[Work item]:
Starting at the line that contains "Actuellement en offre", transcribe every remaining line of the data below exactly, and omit all pictures.

[Given material]:
+ + + + + + +

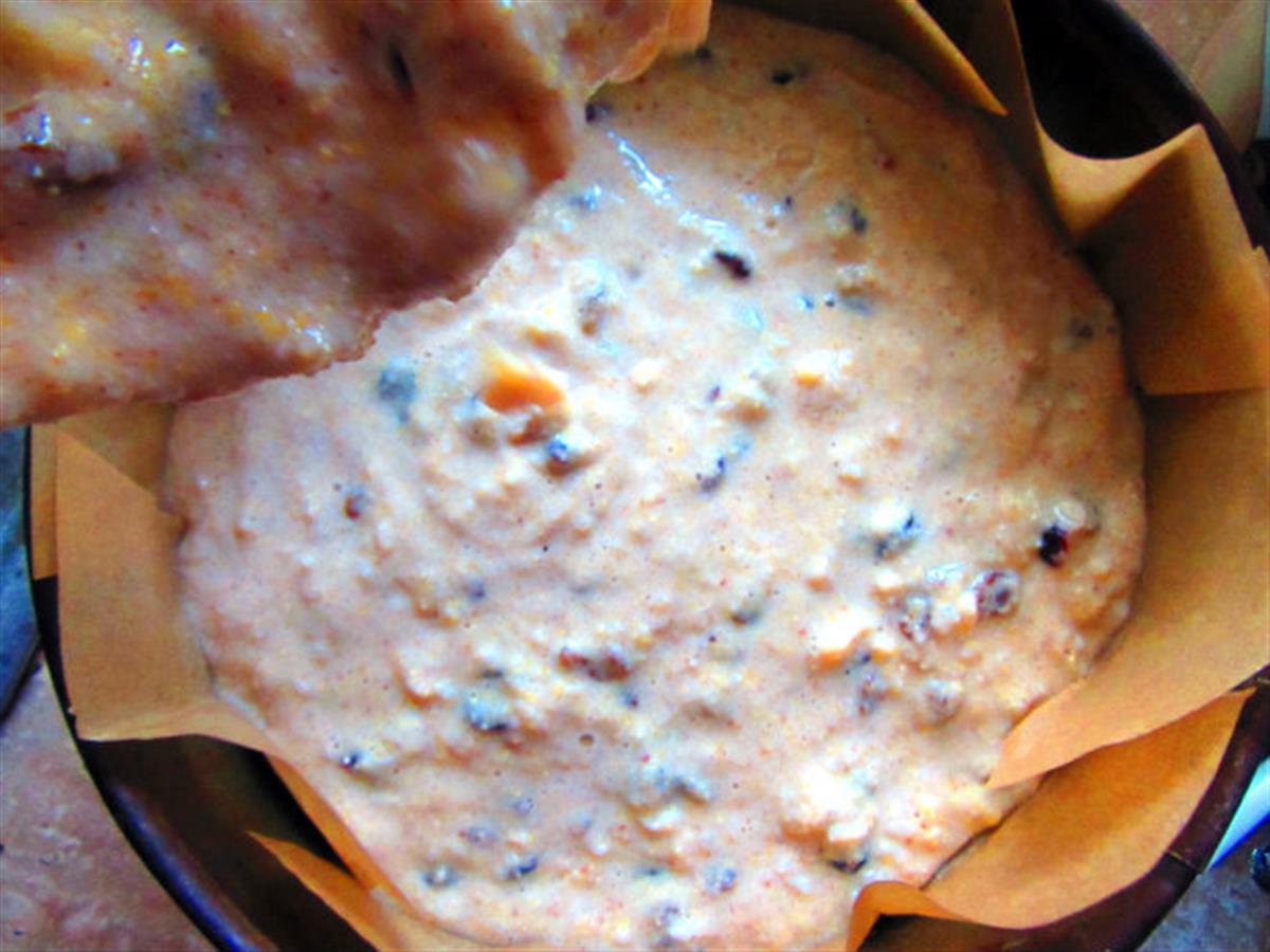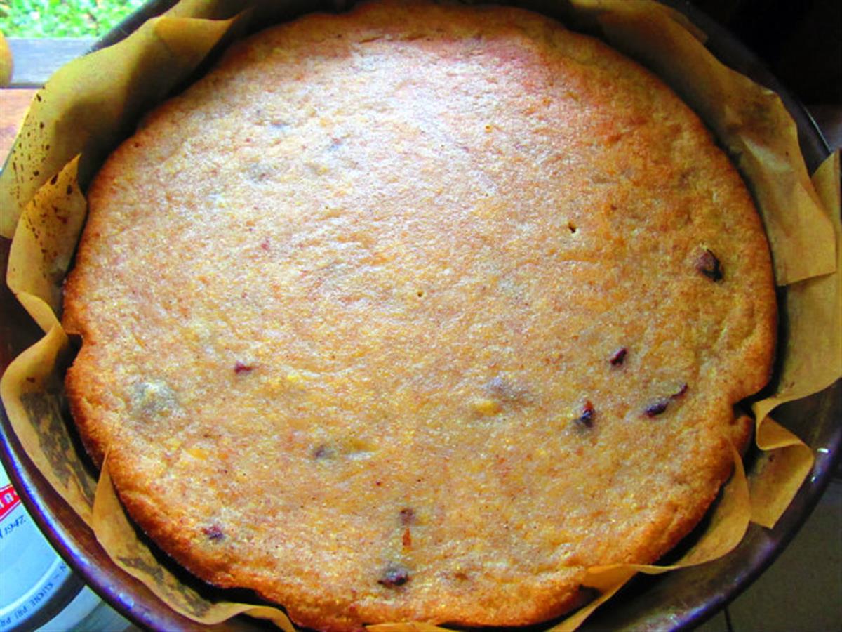 Smjesu uliti u papirom za pečenje obložen oblik za pečenje s pomičnim stranicama, promjera 26 cm. Peči u pećnici oko 50 minuta na 180ºC, uz povremeno nadgledanje pečenja – ako kolač počinje dobivati jaču smeđu boju oko rubova, najbolje ga je prekriti folijom i nastaviti s pečenjem.
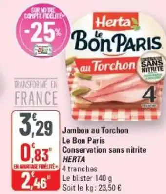 Actuellement en offre chez G20 : HERTA Jambon au Torchon Le Bon Paris Conservation sans nitrite ✅ Valable du 11-03 au 22-03.
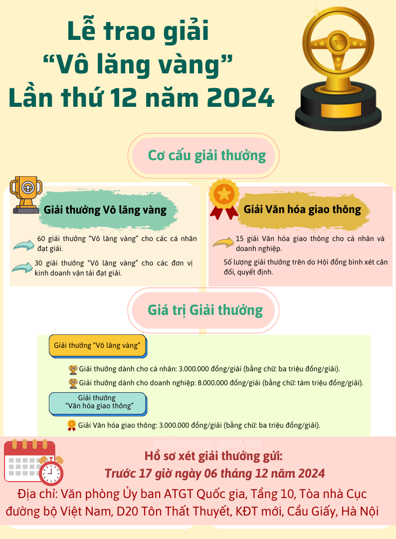 Giải thưởng “Vô lăng vàng” lần thứ 12 năm 2024 được tổ chức với mục đích tuyên truyền, nâng cao nhận thức trách nhiệm của các đơn vị kinh doanh vận tải và đội ngũ lái xe trong việc chấp hành pháp luật về trật tự, an toàn giao thông, phòng tránh tai nạn giao thông; góp phần thực hiện mục tiêu kiềm chế và kéo giảm tai nạn giao thông so với năm 2023; Qua đó, tăng cường vai trò, trách nhiệm của các đơn vị kinh doanh vận tải, đội ngũ lái xe trong công tác bảo đảm TTATGT và thực hiện Năm An toàn giao thông 2024 với chủ đề “ Thượng tôn pháp luật để xây dựng văn hóa giao thông an toàn” và ghi nhận và tôn vinh các lái xe, các đơn vị kinh doanh vận tải có nhiều đóng góp trong công tác đảm bảo trật tự, an toàn giao thông, giúp đỡ nạn nhân tai nạn giao thông. Thực hiện kế hoạch số 365/KH-UBATGTQG ngày 20/11/2024 của Ủy ban An toàn giao thông Quốc gia về tổ chức giải thưởng “Vô lăng vàng” lần thứ 12 năm 2024, Ban An toàn giao thông tỉnh Phú Thọ xây dựng Kế hoạch triển khai. Theo đó, thời gian nhận hồ sơ và đối tượng tham gia xét tặng giải thưởng “Vô lăng vàng” lần thứ 12 năm 2024 được quy định cụ thể:

+ + + + + + +

[Result for this task]:
 Actuellement en offre chez G20 : HERTA Jambon au Torchon Le Bon Paris Conservation sans nitrite ✅ Valable du 11-03 au 22-03.
 Giải thưởng “Vô lăng vàng” lần thứ 12 năm 2024 được tổ chức với mục đích tuyên truyền, nâng cao nhận thức trách nhiệm của các đơn vị kinh doanh vận tải và đội ngũ lái xe trong việc chấp hành pháp luật về trật tự, an toàn giao thông, phòng tránh tai nạn giao thông; góp phần thực hiện mục tiêu kiềm chế và kéo giảm tai nạn giao thông so với năm 2023; Qua đó, tăng cường vai trò, trách nhiệm của các đơn vị kinh doanh vận tải, đội ngũ lái xe trong công tác bảo đảm TTATGT và thực hiện Năm An toàn giao thông 2024 với chủ đề “ Thượng tôn pháp luật để xây dựng văn hóa giao thông an toàn” và ghi nhận và tôn vinh các lái xe, các đơn vị kinh doanh vận tải có nhiều đóng góp trong công tác đảm bảo trật tự, an toàn giao thông, giúp đỡ nạn nhân tai nạn giao thông. Thực hiện kế hoạch số 365/KH-UBATGTQG ngày 20/11/2024 của Ủy ban An toàn giao thông Quốc gia về tổ chức giải thưởng “Vô lăng vàng” lần thứ 12 năm 2024, Ban An toàn giao thông tỉnh Phú Thọ xây dựng Kế hoạch triển khai. Theo đó, thời gian nhận hồ sơ và đối tượng tham gia xét tặng giải thưởng “Vô lăng vàng” lần thứ 12 năm 2024 được quy định cụ thể:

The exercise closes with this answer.